In later life, poetry formed the majority of her work and she had many verses published both in local group publications and in her own right. She was also keen to help others and gave much advice to budding poets and writers as well as working occasionally as a sub-editor.

==Works==
Novels as E. E. H. Redknap
- The Isle of the Black Pearl. London, George Newnes, (Flag Library for Boys 11), 1935.

Novels as Erroll Collins
- Galleons of the Air (serial, Boy's Own Paper, 1939). Lutterworth Press, Jul 1940.
- The Sea Falcon (serial, Boy's Own Paper, Oct 1940-Mar 1941). Lutterworth Press, Dec 1941.
- The Secret of Rosmerstrand. Lutterworth Press, May 1942.
- Outlaw Squadron. Lutterworth Press, Oct 1943.
- Mariners of Space. Lutterworth Press, Jul 1944.
- The Hawk of Aurania. London, Collins, 1944.
- Rebel Wings. Lutterworth Press, Apr 1945.
- Submarine City. Lutterworth Press, Nov 1946.
- The Stars of Korania. Lutterworth Press, Nov 1948.
- The Black Dwarf of Mongolia. Collins (Seagull Library), May 1949.
- Volcanic Treasure. London, Gerald Swan, Feb 1955.
- Conquerors of Space. Richmond, Surrey, Stanley Baker (FST #5), Jun 1955.
- Wings of Resistance. Mitcham, Surrey, G.M. Smith (Combat Library #1), Mar 1959.

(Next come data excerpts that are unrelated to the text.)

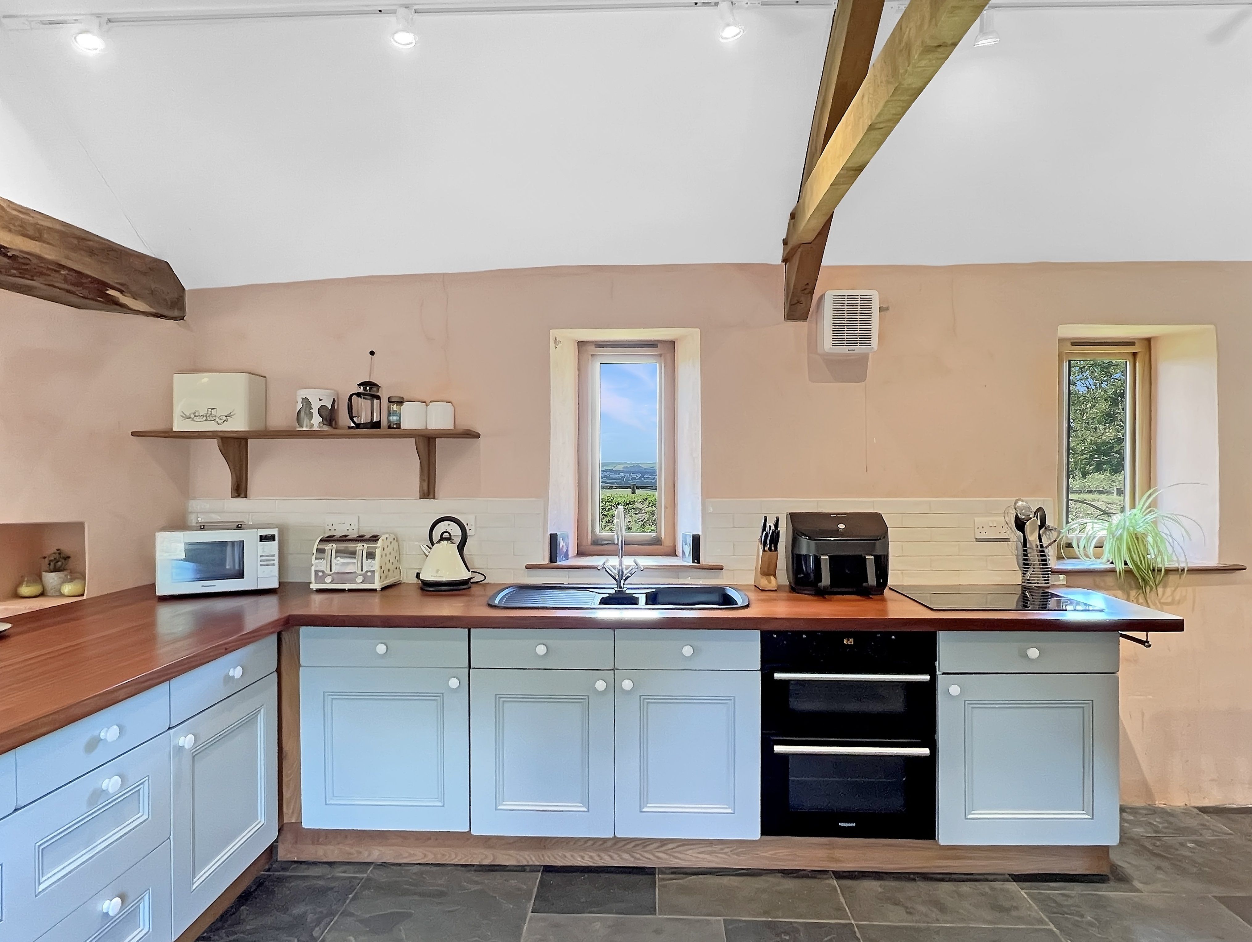 The open-plan kitchen and dining area is fully equipped for socialising and cooking, featuring essential appliances such as electric double oven and hob, American style fridge-freezer, dishwasher, microwave, toaster, air fryer, kettle, plus all the usual cookware, utensils, crockery, glassware and cutlery as you would expect. The dining area can comfortably seating for up to 6 guests.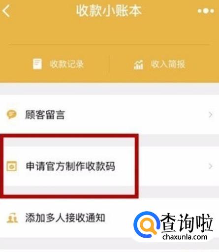 进入“收款小账本”页面后,我们点击“申请官方制作收款码”按钮,开始进行操作。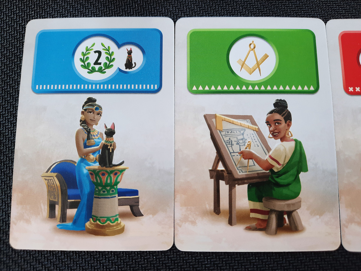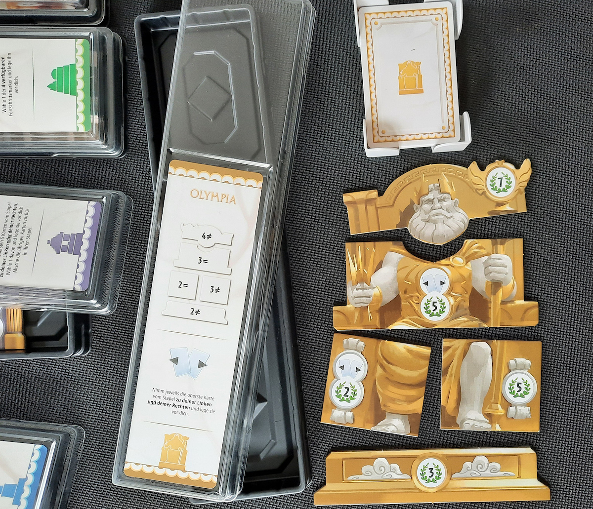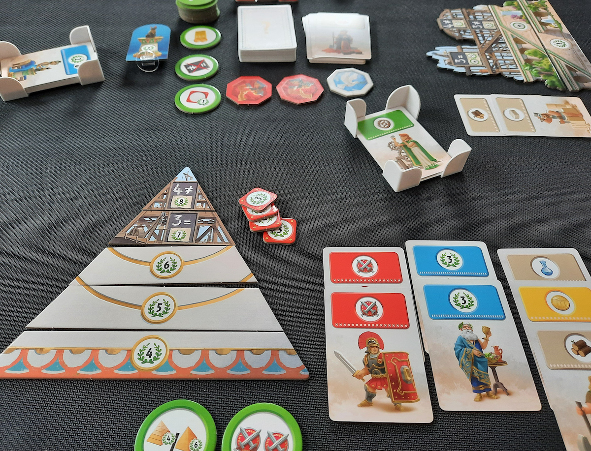 Alle Mitspielenden bauen ihr Weltwunder. Den Baufortschritt sieht man vor sich. Das ist motivierend und befriedigend. Hier kann klar gesehen werden, was im Spiel passiert. Die Entscheidungen sind sehr leicht. Ziehe ich vom linken oder rechten Stapel – hier sehe ich die Karte, die ich ziehen kann – oder ziehe ich vom verdeckten Stapel in der Mitte. Ein Spielzug ist somit einfach strukturiert, auch die Entscheidung ist nicht komplex oder kompliziert. Dennoch bedarf es etwas Planung und dem Beobachten der anderen Mitspielenden, jedoch nur der beiden benachbarten.

Verse as Ellen E. H. Collins
- The Star Rover. A poem. Ilfracombe, Arthur H. Stockwell, 1953.
- Poems of Earth, Sea and Sky. Hounslow, privately published, 1959.
- More Poems of Earth, Sea and Sky. Hounslow, privately published, 1960.
- Astrology, and other poems. Dulwich Village, Outposts Publications, 1961.
- Impressions. Cheltenham, Envoi, 1961.
- Poems for All Seasons. Southend-on-Sea, Citizen Publishing Co., 1961.
- Strange Altars. [7 The Towers], Stevenage, Herts., Ore Publications, 1973.
- Un-Cuddly Creatures. Bedford, Writers' Own Publications, 1989.

Novels as Graeme Grant
- Wings Over the Arctic. London, Evans Bros., 1947.

Novels as Clyde Marfax
- Planets of Peril

Short Stories & Serials

Stories as E. E. H. Redknap
- Beaver Gold (Schoolboy Adventures 1, Feb 1944; reprinted, Cute Fun, May 1950)

Stories as Erroll Collins
- The Luck of the Lindsays (Boy's Own Paper, Jan 1936)
- The Tiki of Tautauro (Boy's Own Paper, May 1936; reprinted, The Schoolboy's Annual, Lutterworth, n.d.)
- The Sunstone (Jolly Jack's Annual 1937, 1936)
- The Grey Druid (Boy's Own Paper, Jan 1937)
- The Haunted Reef (Boy's Own Paper, Mar 1937)
- Deaths Door ( Boys Own Paper, Feb 1937 )
- The Dare-Devil Pilot (Boy's Own Paper, Jul 1938)
- Galleons of the Air (Boy's Own Paper, 1939)
- The Sea Falcon (Boy's Own Paper, Oct 1940-Mar 1941)
- The Lost Lake (Schoolboy Adventures 1, Feb 1944)
- The Silver Joss (Schoolboy Adventures 1, Feb 1944)
- Red for Danger (Cute Fun, Aug 1946)
- M13 (The Schoolboy's Annual, Lutterworth, n.d.)
- Bandits and Bisnagas (Daily Mail Boy's Annual, n.d.)